Il manque plus grand chose pour aller rallier sa Mm200
un ptit +25% pour la fin d'année (enfin jusqu'à la galette des rois plutôt) ?
l'avantage, ici, c'est que le risk/reward est bon ! 
le titre s'emballe après les comptes
Par Jean-Baptiste André Publié le 28/07/2025 à 09h04
(Boursier.com) — Forvia bondit de près de 10% à 11,2 euros à l'ouverture du marché parisien, soutenu par un bon premier semestre et la confirmation de ses objectifs annuels. Le management a indiqué qu'il s'efforçait de réduire davantage ses coûts administratifs et industriels dans le cadre de son nouveau plan " Simplify ". Forvia, dont les ventes ont reculé de 0,4% au premier semestre à cause notamment des effets de change, a vu sa marge opérationnelle progresser de 20 points de base à 5,4% et son cash-flow net doubler à 418 millions d'euros. La firme a confirmé viser sur l'ensemble de 2025 un chiffre d'affaires compris entre 26,3 et 27,5 milliards d'euros, ainsi qu'une marge d'exploitation comprise entre 5,2% et 6% "en prenant en considération les droits de douane mis en place à ce jour".
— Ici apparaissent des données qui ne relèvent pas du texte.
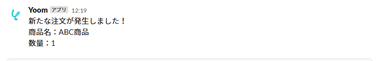 テストを実行するとShopifyに作成された注文情報が、Slackに自動通知されるので確認してください。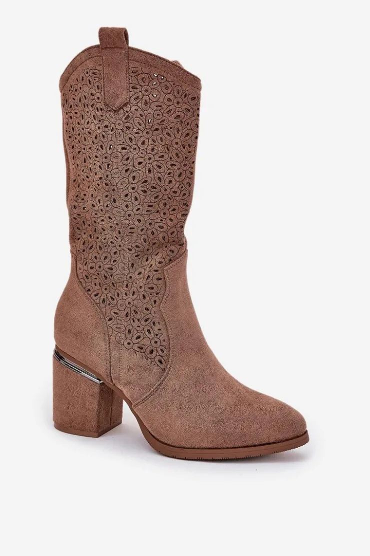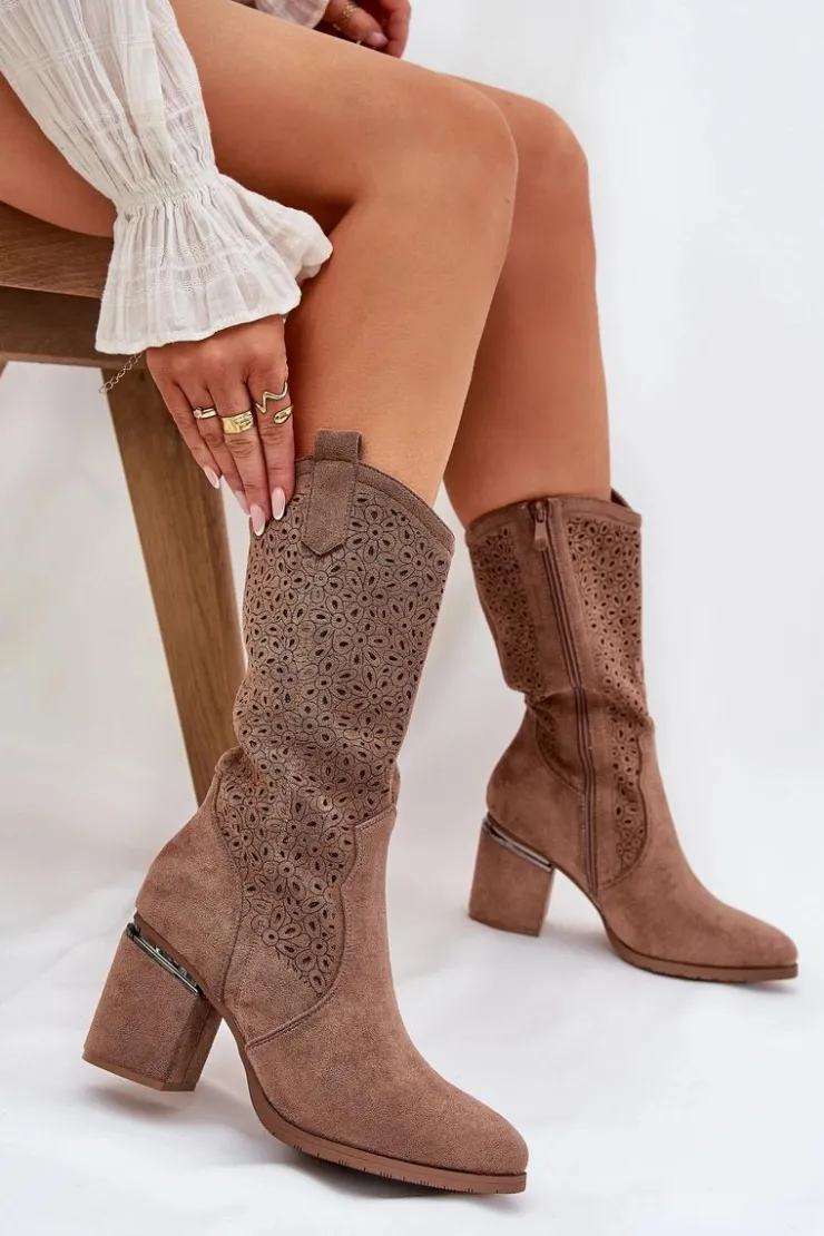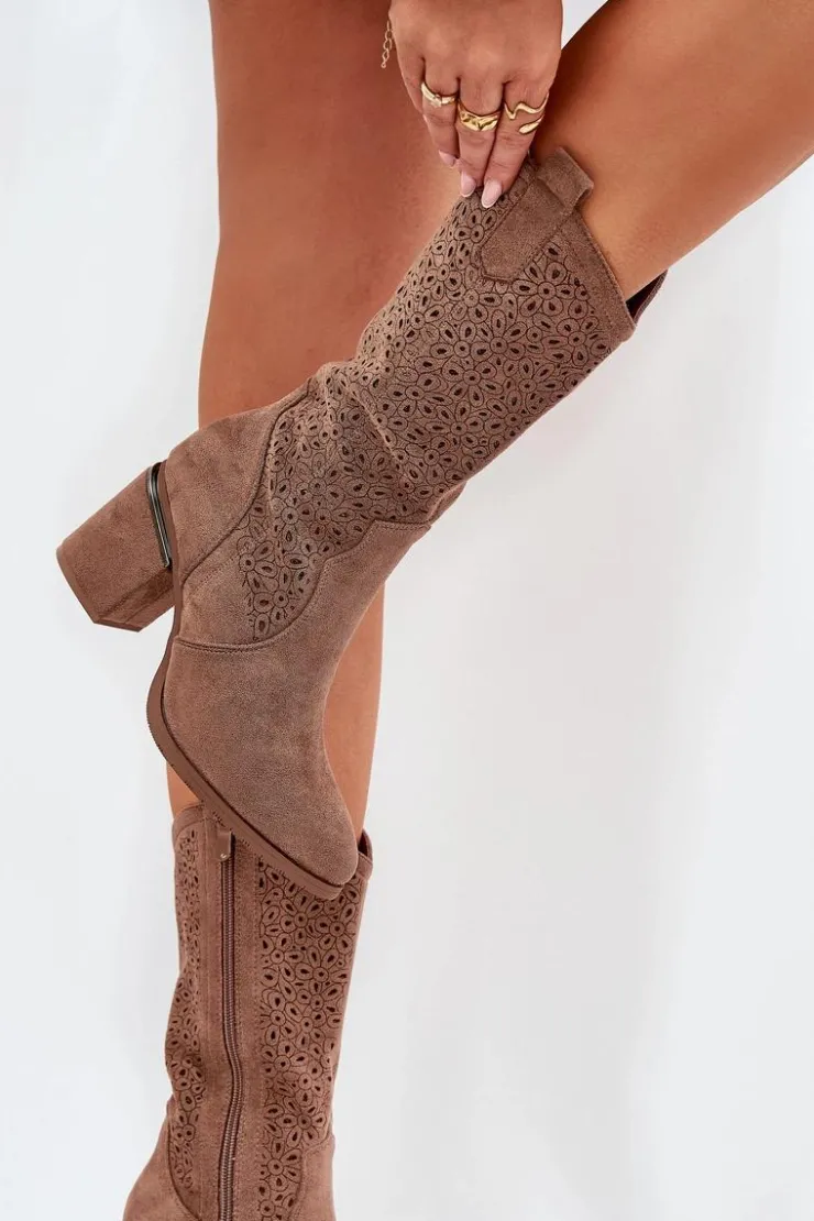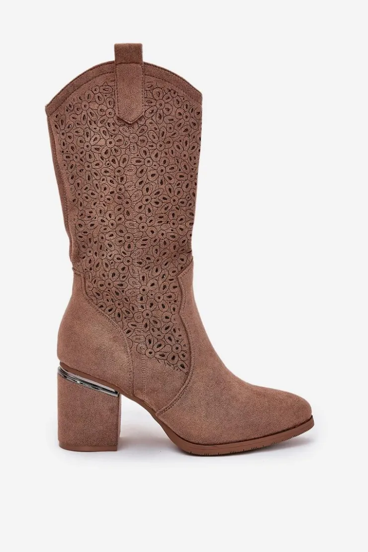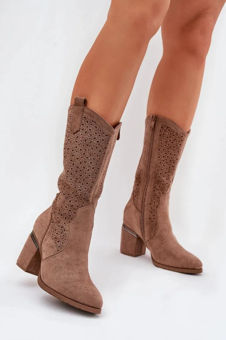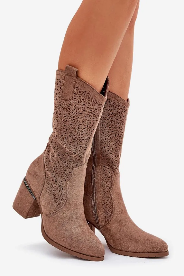 Damskie kozaki od marki S.Barski. Cholewka wykonana z delikatnego eko zamszu, zapewnia obuwiu elegancję oraz komfort użytkowania. Usztywniony zapiętek zwiększa stabilność i trwałość butów. Kozaki zostały osadzone na słupkowym obcasie, który dodaje im klasy i stylu. Wkładka z eko skóry podnosi poziom wygody podczas noszenia. Model ten charakteryzuje się praktycznością dzięki bocznemu suwakowi, który ułatwia zakładanie i zdejmowanie obuwia. Te kozaki są idealnym wyborem dla kobiet, które cenią sobie elegancję i komfort. Przy wyborze rozmiaru prosimy sugerować się tabelą rozmiarów.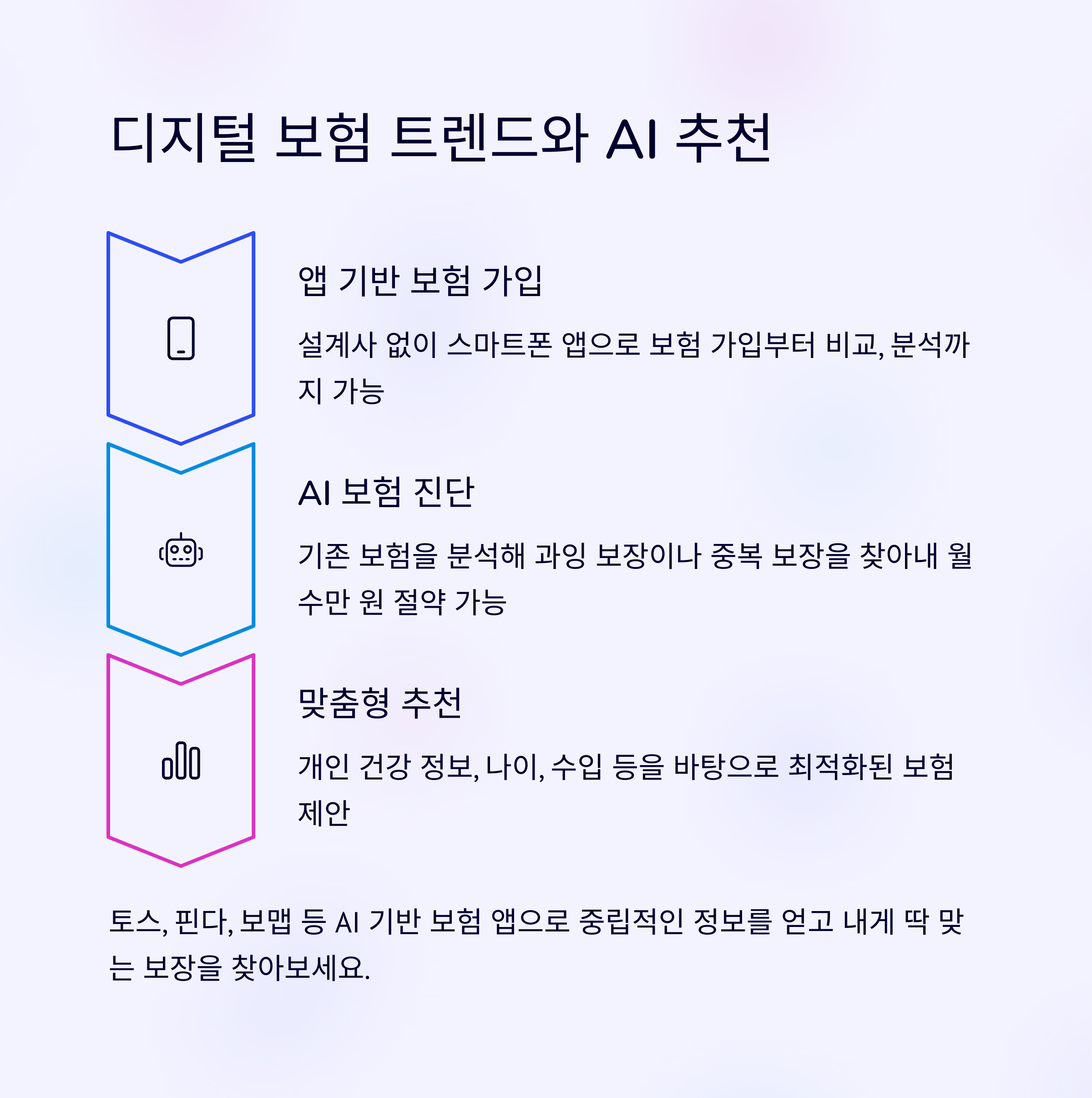 2025년 보험 시장은 디지털화가 빠르게 진행되고 있어요. 이제는 설계사 없이도 스마트폰 앱 하나만으로 보험 가입부터 비교, 분석까지 가능한 시대가 되었답니다. 특히 MZ세대는 앱을 통해 본인에게 최적화된 보험을 AI로 추천받는 걸 선호해요.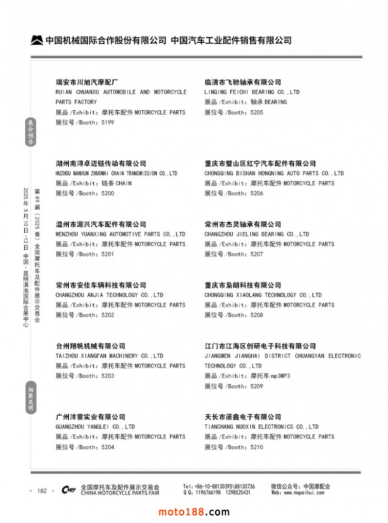 內69-188 第88屆(2024秋)全國摩托車及配件展示交易會-廣州站參展企業(yè)信息
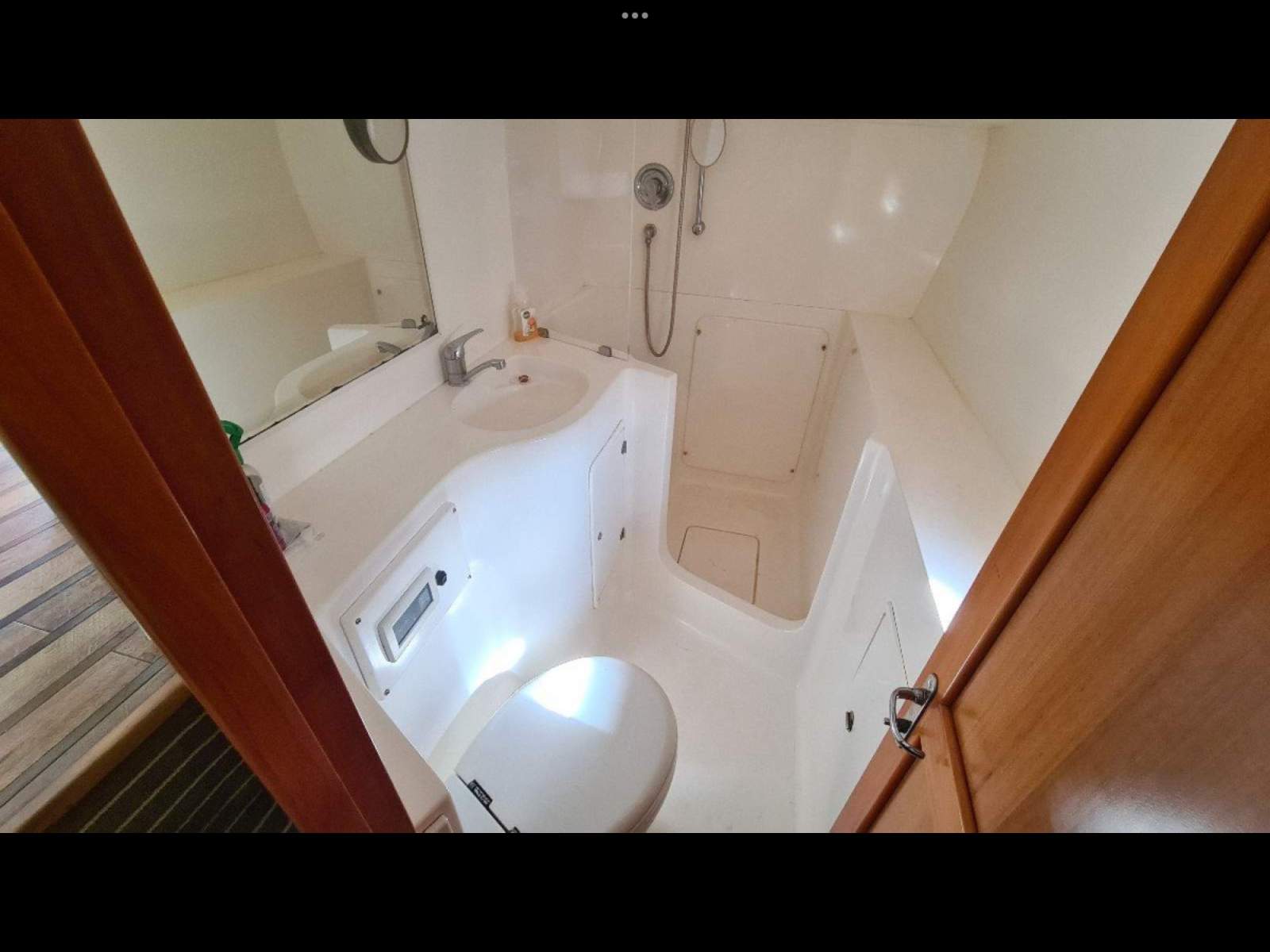 In the center is the walkway with lots of storage, and aft of this is the huge bathroom with a separate shower, electric head, and sink.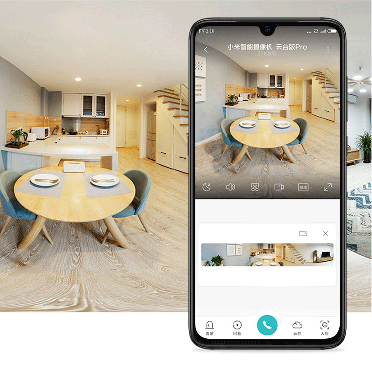 「小米智能摄像机云台版Pro」内置双麦克风,同时采用了主动降噪技术,有效消除喇叭回声,提升了通话体验。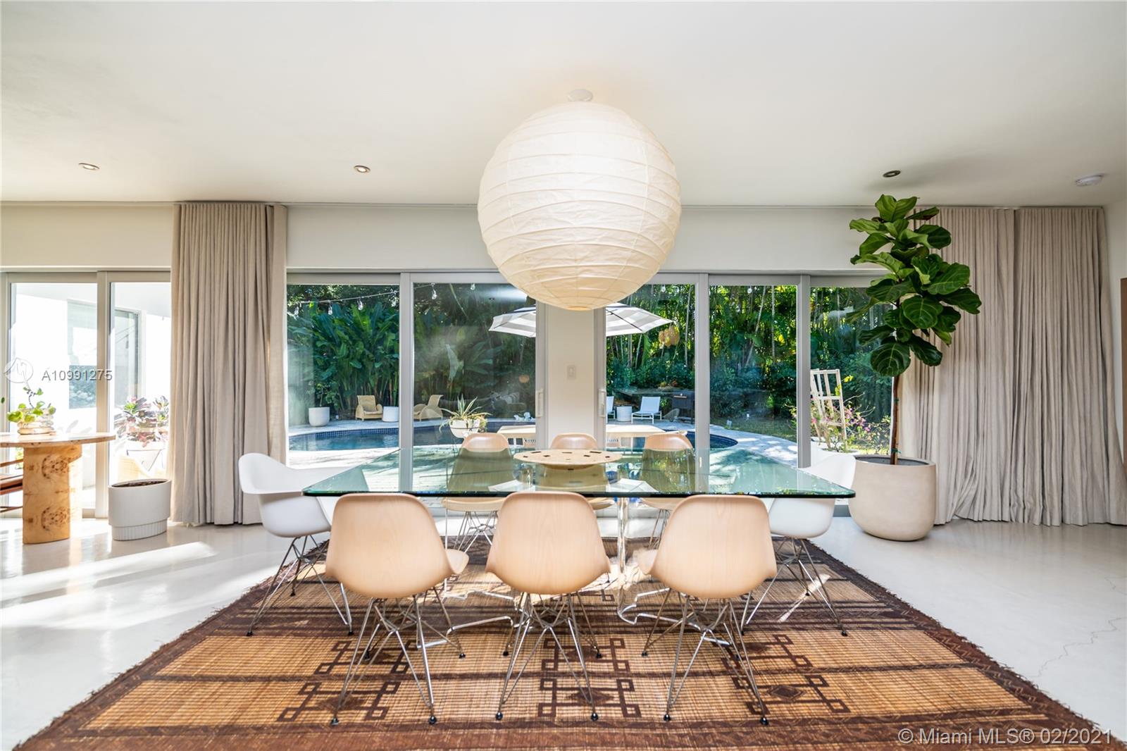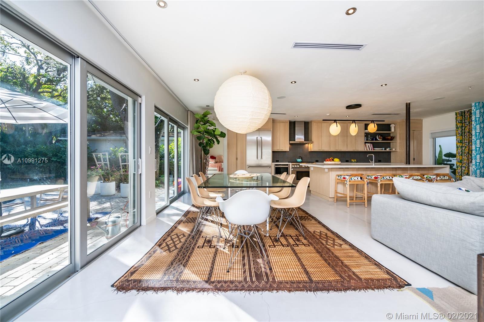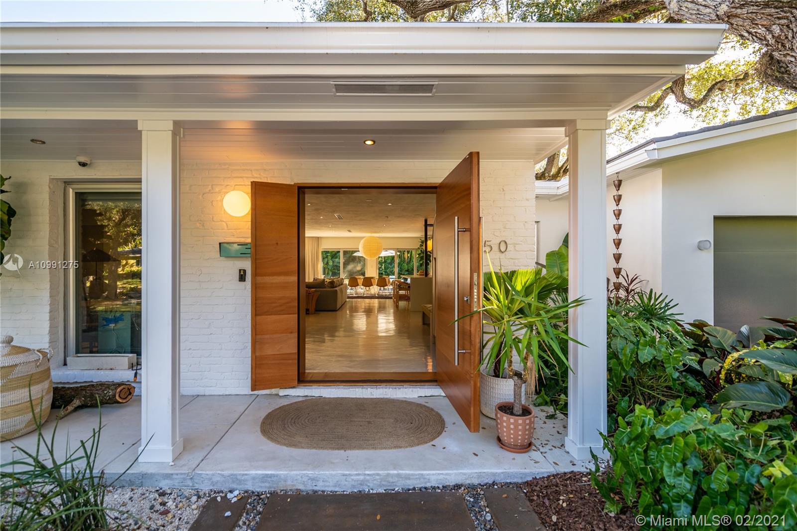 An Ode to Joy, Light & Artisanship. Pass thru the owner-designed redwood front doors of this Central Gables delight into a world of wholly original, globally handcrafted design wonders. Aficionados of luxury craftsmanship utilizing natural & honest materials, the current owners spared no expense or effort to create a home which faithfully conjures a mid-century aesthetic with a nod to the ease and comfort of California Modernism. The dining room chandelier designed by Japanese-American sculptor Isamu Noguchi; the entrance wallpaper that British designer Marthe Armitage screen-printed by hand; the lighting created by Italian designer Artemide; small-batch tiles fabricated by L.A. designer Tracey Reinberg - every room enchants, inspires, relaxes & comforts. Home is where the joy is.

JP Morgan ('surpondérer') déclare que les résultats sont " solides ", avec un bénéfice d'exploitation supérieur de 4% aux attentes. La marge d'exploitation est en hausse de 20 points de base, stimulée par la maîtrise des coûts, l'impact contenu des droits de douane américains et les premiers bénéfices du programme EU-FORWARD de l'entreprise. Enfin, le flux de trésorerie net a plus que doublé par rapport au premier semestre 2024. Jefferies ('achat') évoque de bons résultats malgré un contexte difficile. La dynamique de la division 'Électronique et Sièges' est un facteur clé de la surperformance du résultat d'exploitation, tandis que la trésorerie nette est significative, supérieure aux attentes, grâce à des dépenses d'investissement nettement inférieures. Les prévisions sont maintenues, bien qu'à taux de change constants, et la date du prochain CMD est désormais fixée, ce qui pourrait fournir des indications sur le calendrier des cessions, selon le courtier.
Enfin, Oddo BHF explique que le début d'année de Forvia est encourageant sur le plan opérationnel et de la trésorerie, démontrant les premiers bénéfices d'une gestion plus rigoureuse et d'une plus grande agilité. Cependant, cette situation devra être confirmée au second semestre (la faible performance de l'Amérique du Nord au premier semestre doit être améliorée et le broker doute que la performance de trésorerie soit aussi bonne ; les prévisions n'ont été que confirmées malgré l'atteinte d'environ deux tiers de l'objectif annuel du groupe). Ceci, combiné à l'absence de cessions à ce stade et à un endettement " seulement " conforme malgré le flux de trésorerie disponible, ne devrait pas permettre à l'équipementier d'apaiser totalement les inquiétudes concernant sa situation financière... Par conséquent, et après le solide rebond du titre au cours des trois derniers mois (+49 %), l'analyste réitère sa recommandation 'neutre', avec une préférence inchangée pour d'autres acteurs plus qualitatifs et homogènes du segment (ALV, CIE et OPM).